Hacker News new | ask | show | jobs
by mirekrusin 848 days ago
There are many dimensions where improvements are happening - speed increase, size reduction, precision, context length, using external computation (function calling), using formal systems, hybrid setups, multi-modality etc. If you look at short history of what's happening - we're not seeing below 50% improvements over those relatively short periods of time. We had gpt1 just five and a half years ago. We now have open weight models orders of magnitude better. We know we're feeding models with tons of redundancy and low quality inputs, we know synthetic data can improve and lower training cost dramatically. We know we're not near anything optimal. We'll see orders of magnitude size reductions in coming years etc. Humans don't represent any kind of intelligence ceiling - it can be surpassed and if it can be surpassed and we know humans alone produce well above 50% improvements - it will get better and getting better.

Saying that models will get attracted to bullshit local maximum is similar fallacy to saying that wikipedia will be full of rubbish when it was created. Forces are set up in a way that creates improvements that accumulate, humans don't represent any ceiling and unlike humans models have near zero replication cost, especially time wise.

1 comments

Sure, but it seems that with a fixed amount of hardware or operations there is some sort of efficient frontier across all the axes (speed, generalization, capacity, whatever), so there should logically be a point with diminishing returns and a maximum performance.

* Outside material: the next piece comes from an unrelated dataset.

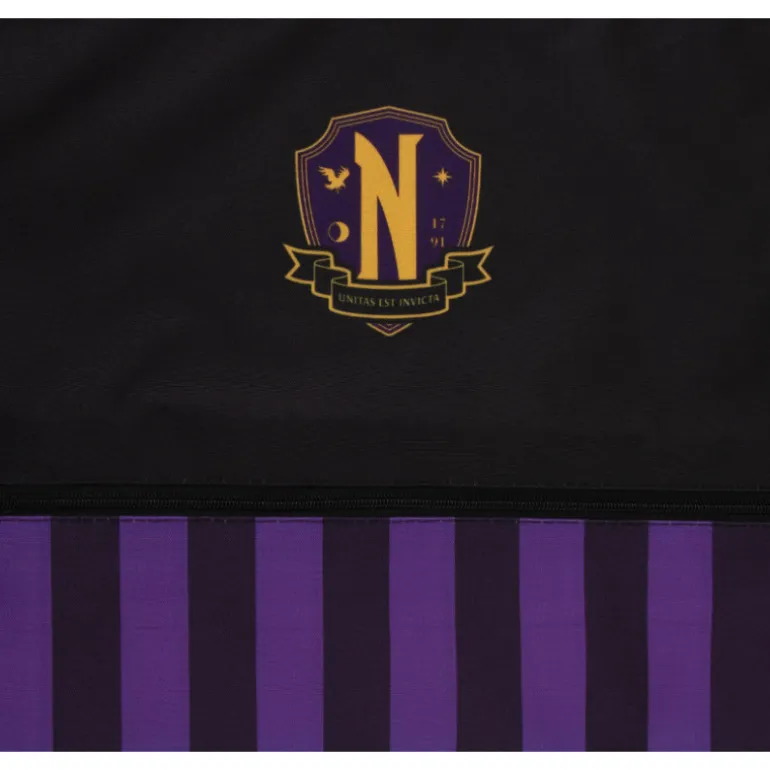 Es un saco ideal para tus cositas esenciales, grimorios y pociones mágicas varias incluidas. Y su diseño es una maravilla, inspirado en el uniforme de deporte de la academia Nevermore a la que asiste Wednesday, tal como hizo su madre, con el escudo de la misma estampado. Tiene unos acabados fantásticos y está realizado en materiales de primera calidad.

Like there is only so much you can do with a single punch card.

Yes, there are physical limits but they are so far off from human pov that they don't matter much.

For example information communication rate that humans can perform (read or write) compared to what computers can do.

Same with information storage, retrieval, precision, computation rate etc.

Sure computes have lots of transistors, but brains have 10s of billions of neurons and only use 12W of power.
If it's smarter than us it's pretty irrelevant whether it takes 12W or 5KW or even 1TW to run. Sure it may stop improving once it's far surpassed Von Neumann-level (at some point nobody knows) due to some physics or unknown information constraints but I don't think that has any practical bearing on much.